Hydroxypropyl-β-cyclodextrin functionalized calcium carbonate microparticles as a potential carrier for enhancing oral delivery of water-insoluble drugs

Abstract

The objective of the present study was to demonstrate that a novel hydroxypropyl-β-cyclodextrin functionalized calcium carbonate (HP-β-CD/CC) based amorphous solid dispersion (ASD) can be used to increase the solubility and oral bioavailability of water-insoluble drugs. Irbesartan (IRB) was selected as a model compound and loaded into the nanoporous HP-β-CD/CC matrix using an immersion method. The IRB-loaded HP-β-CD/CC formulation was characterized by various analytical techniques, such as specific surface area analysis, scanning electron microscopy (SEM), dynamic light scattering (DLS), powder X-ray diffraction (PXRD), and differential scanning calorimetry (DSC).

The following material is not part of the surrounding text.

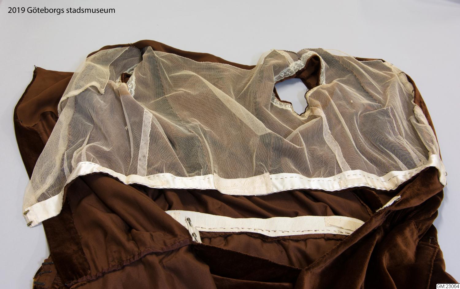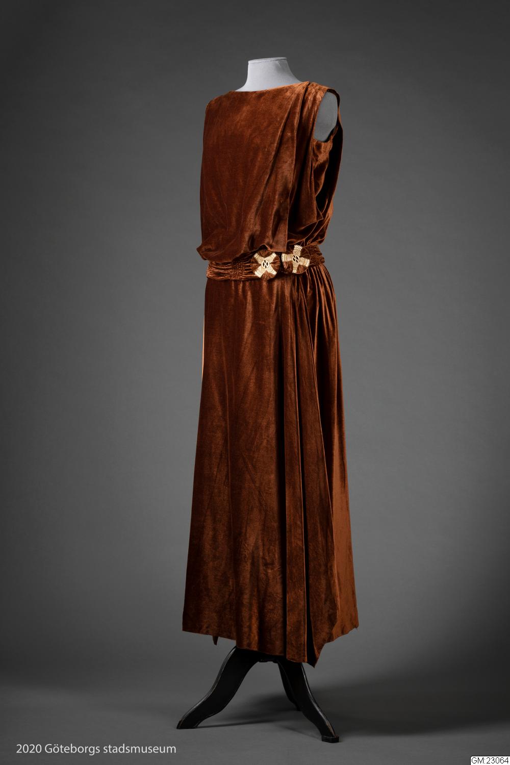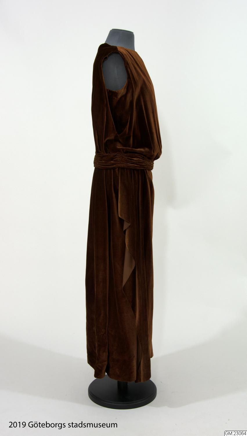 Klänning, av brunt spegelsammet. Rak, ärmlös modell med båtformig halsringning. Långt slätt liv som knäppes i vänster sida, med början på axeln. Löst foderliv av tyll, över axlarna och i sidorna klätt med sammet. Knäppes till klänningen med tryckknappar. Firmastämpel: Augustia Lundin, 20 Brunkebergstorg, Stockholm. Kjolen består av två stycken, helt öppna och omlottlagda, sammanhållna på undersidan av resårband. Draperingr i båda sidor. Skärp med grupper av rynkrader. Dubbelt spänne av ben med utskuret mönster och delvis klätt med sammet. Längd: 138 cm, vidd 225 cm

Analyses with PXRD and DSC confirmed that IRB was fully converted into the amorphous form in the nanopores of HP-β-CD/CC. From the solubility and dissolution tests, it was observed that the aqueous solubility and dissolution rate of IRB-loaded HP-β-CD/CC were increased significantly compared with those of pure IRB and IRB-loaded mesoporous silica. Likewise, the IRB-loaded HP-β-CD/CC formulation exhibited better absorption compared with that of the commercially available IRB capsules in beagle dogs. The mean peak plasma concentration (C_max) and the area under the mean plasma concentration–time curve (AUC_[0→48]) of IRB-loaded HP-β-CD/CC were 1.56- and 1.52-fold higher than that of the commercial product, respectively. Furthermore, the IRB-loaded HP-β-CD/CC formulation exhibited excellent stability against re-crystallization. These results clearly demonstrate that HP-β-CD/CC based porous ASD is a promising formulation approach to improve the aqueous solubility and the in vivo absorption performance of a water-insoluble compound like IRB.

Keywords:

• nanopore
• solid dispersion
• solubility
• dissolution rate
• bioavailability

Supplementary materials

Figure S1 Nitrogen adsorption/desorption isotherms of (A) HP-β-CD/CC and (B) SBA-16.

Note: Nitrogen adsorption isotherm (♦); nitrogen desorption isotherm (⋄).

Abbreviations: HP-β-CD/CC, hydroxypropyl-β-cyclodextrin functionalized calcium carbonate; SBA-16, Santa Barbara amorphous materials-16; STP, standard temperature and pressure.

Table S1 The materials used in the study

Acknowledgments

This work was financially supported by the National Science Foundation of China (No 81402879), the Natural Science Foundation of Jiangsu Province of China (No BK20140221), and Project for Excellent Talents of Xuzhou Medical College (No 53631309). We would like to thank Dr David Jack for ensuring that the document is free of language errors.

Disclosure

The authors report no conflicts of interest in this work.